Mayuseong kollarını iyice açtı. İfadesi boğucu acıdan kurtulmuş gibiydi.
“O zaman öldür beni. Kolayca elde ettiğin o güçle kalbimi del.”
Haewonryang'ın kolu içgüdüsel olarak titredi ama nedense bunu yapamadı.
“İlk defa sizden rekabetçilik hissettim ve sizi yenmek için çaba sarf ettim. Ama siz
Yeter. Lütfen durun.”
Haewonryang, farkında olmadan Mayuseong'un boynundaki tutuşunu bıraktı ve bir adım geri çekildi.
Bu muazzam güçle, bu dünyada korkulacak hiçbir şey yokmuş gibi hissediyordu. Haewonryang, kendisi de dahil olmak üzere herkesi yenebileceğine inanıyordu.

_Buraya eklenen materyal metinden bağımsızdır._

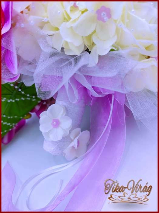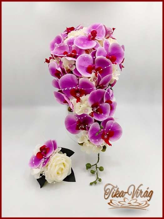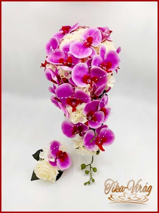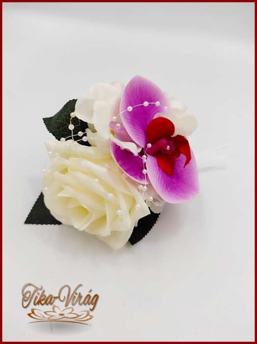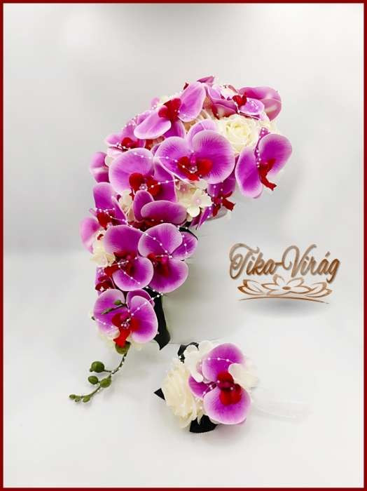 Lila orchideás - fehér rózsás örök-csokor + kitűző 191600. Mérete: 60cm hosszú , 32 cm széles Más színben is kérhető! Prémium minőségű virágokból készült örök-csokor!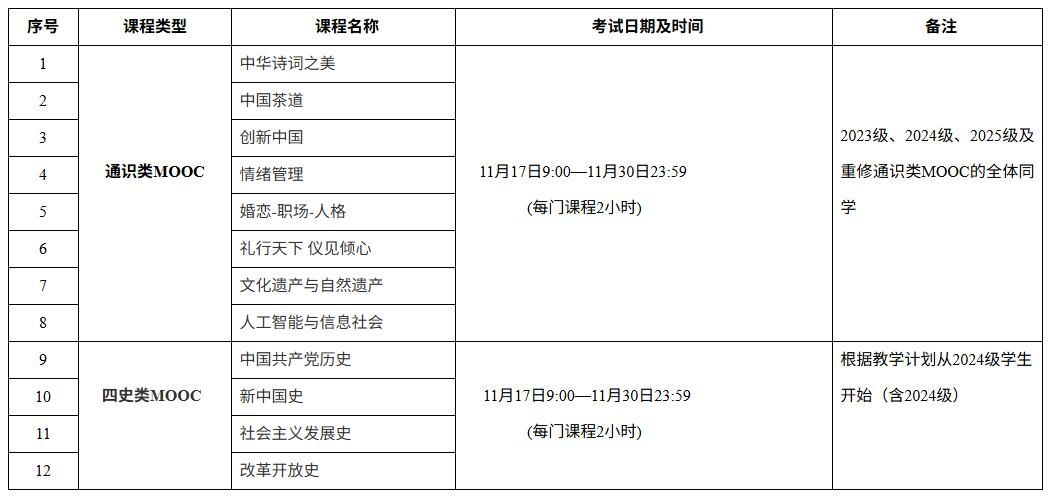 本学期通识类MOOC线上期末考试定于2025年11月17日—11月30日进行,考试科目及时间安排如下: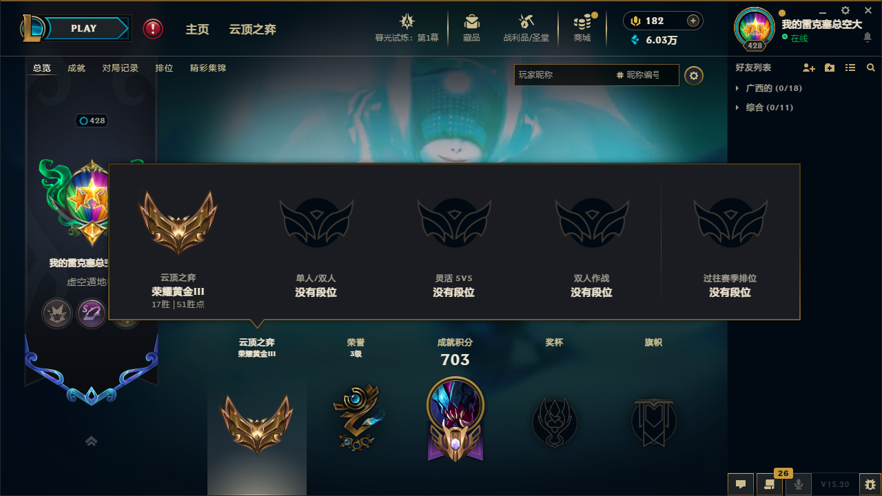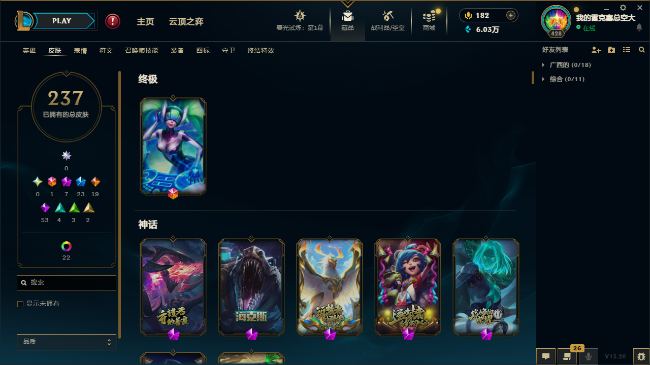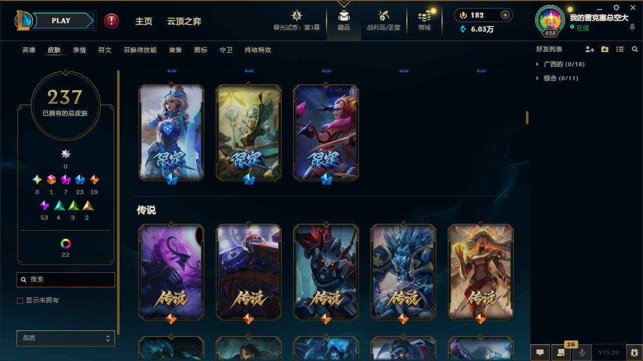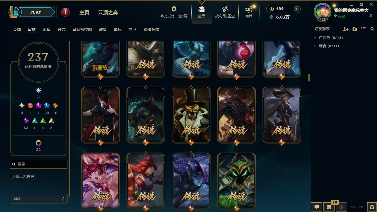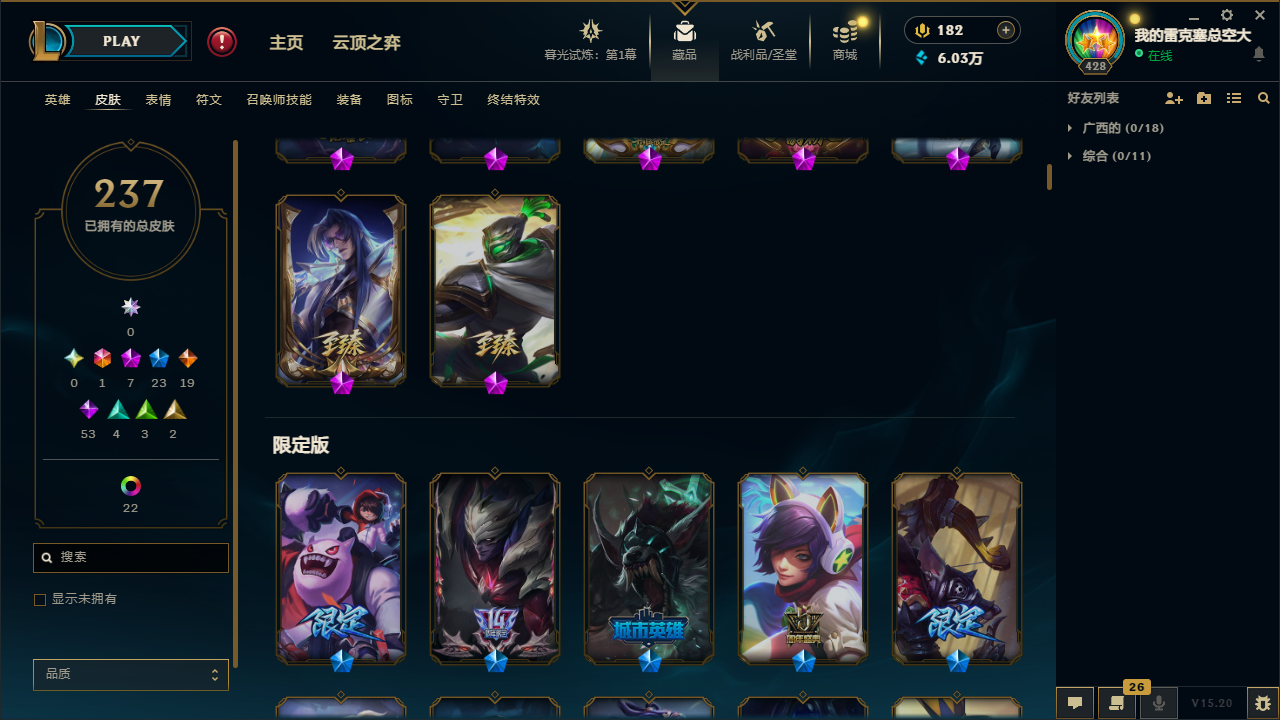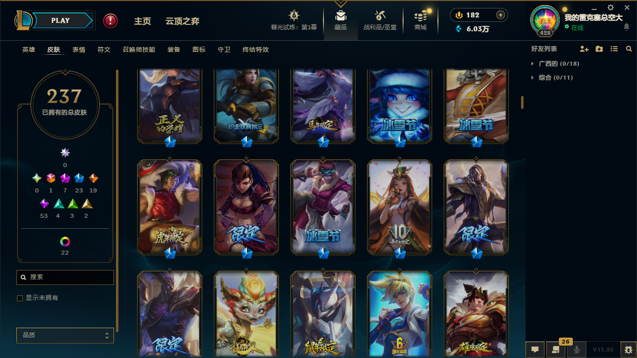 【63497】WL500 战争学院428级 171英雄-237皮肤-段位:未定级 DJ-娑娜 至臻征服者贾克斯 钢铁军团拉克丝 都铎王朝老鼠 女猎手希维尔 海克斯雷克顿 虎年龙腾虎跃瑟提 马年黛安娜 鸡年盖伦 鼠年瑟提 10周年安妮 10周年神凰行者瑞羽圣凰艾尼维亚 10周年萨勒芬妮 五周年阿狸 6周年伊泽瑞尔 寒冬精灵璐璐 胡桃夹子小丑 魄罗骑士瑟庄妮 胜利之剑剑魔 胜利枪神卢锡安 S10G蕾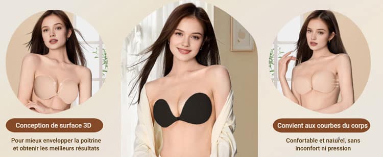 Le maintien adhésif répartit la pression sur la peau et permet de soutenir la poitrine sans compression excessive. Ce mécanisme favorise le galbe naturel et améliore l’apparence de la silhouette.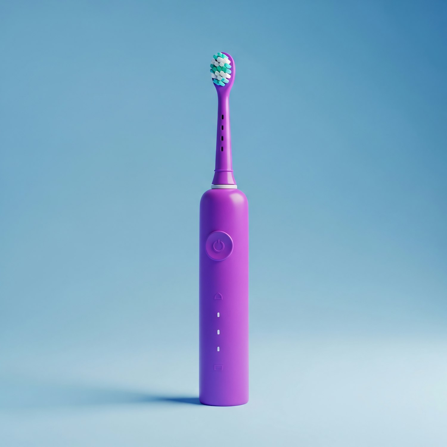 A sleek purple electric toothbrush with teal and white bristles, set against a clean blue gradient background.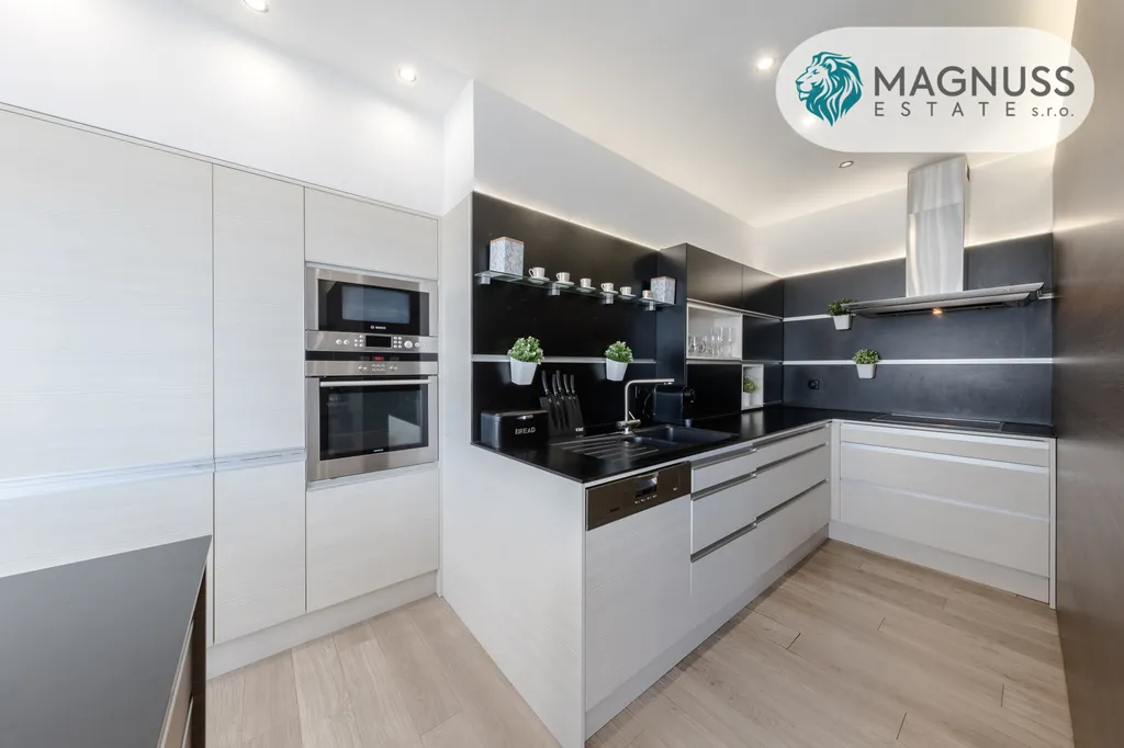 Byt je vybaven kuchyňskou linkou včetně spotřebičů, podlahy jsou kombinací vinylu a keramické dlažby. Vytápění i ohřev vody jsou řešeny dálkovým zdrojem. Dům je vybaven výtahem a je ve velmi dobrém technickém stavu.

Ancak onu hala korkutan bir şey vardı. Her zaman hayat boyu rakibi olarak gördüğü birini hayal kırıklığına uğratmaktı.
“Eğer beni bu kadar kolay yenmek istiyorsan… hadi, istediğin zaferi elde et.”
“Ah, ben… ben…”
Haewonryang'ın sağ eli keskin bir şekilde mutasyona uğradı, ancak zihnindeki karışıklıktan dolayı hareket edemiyordu.
“Ölümden korkmuyorum.”
Mayuseong keskin elini kendi göğsüne götürdü.
“Bunun yerine… bir daha asla bahis oynayamayacak olmamız hayal kırıklığı yaratıyor.”
Bu kadar bedel ödenerek elde edilen zafer gerçekten tatlı olacak mı?
Ya da daha doğrusu, boş mu hissedecek? Mayuseong ölürse, sonuç sonsuza dek gerçek gücüyle onu asla yenememiş olması olacaktı.
Bu yenilgi serisini sonlandırmak ve gerçek zafere ulaşmak için hayatta kalması gerekiyor.
Ebediyen kaybeden olarak kalamazdı.
Kendini ayakta tutmalı ve bu ayıbı kendi gücüyle yıkamalıdır.
Haewonryang dişlerini sıktı ve “Seni… öldürmeyeceğim.” dedi.
Çünkü onu hâlâ yenemedi.
**Gürültü!**
O anda, tam güçteki büyü tamamlanmıştı. Başlangıçta durumu diyalog yoluyla çözmeyi amaçlamıştı, ancak bir nedenden ötürü Mayuseong bunun yerine bu yöntemi seçti ve oldukça başarılı sonuçlar elde etti.
“Hangi numarayı kullandığını bilmiyorum… ama fırsat şimdi!”
Haewonryang'ın duyguları neredeyse insan benzeri hale geldiğinden, eğer arındırma büyüsünü kullanırsa onu orijinal haline geri döndürebilirdi.
**Flaş!**
Sonunda büyüsü tamamlandı ve ışık zincirleri Haewonryang'ı sarmak üzereydi…
**Çatırtı!!**
Birden,
“Patlatmak!”
“Öf…!”
Her yönden muazzam bir baskı gelmeye başladı.
Büyü tamamlanamayınca üçü de yere diz çöktüler.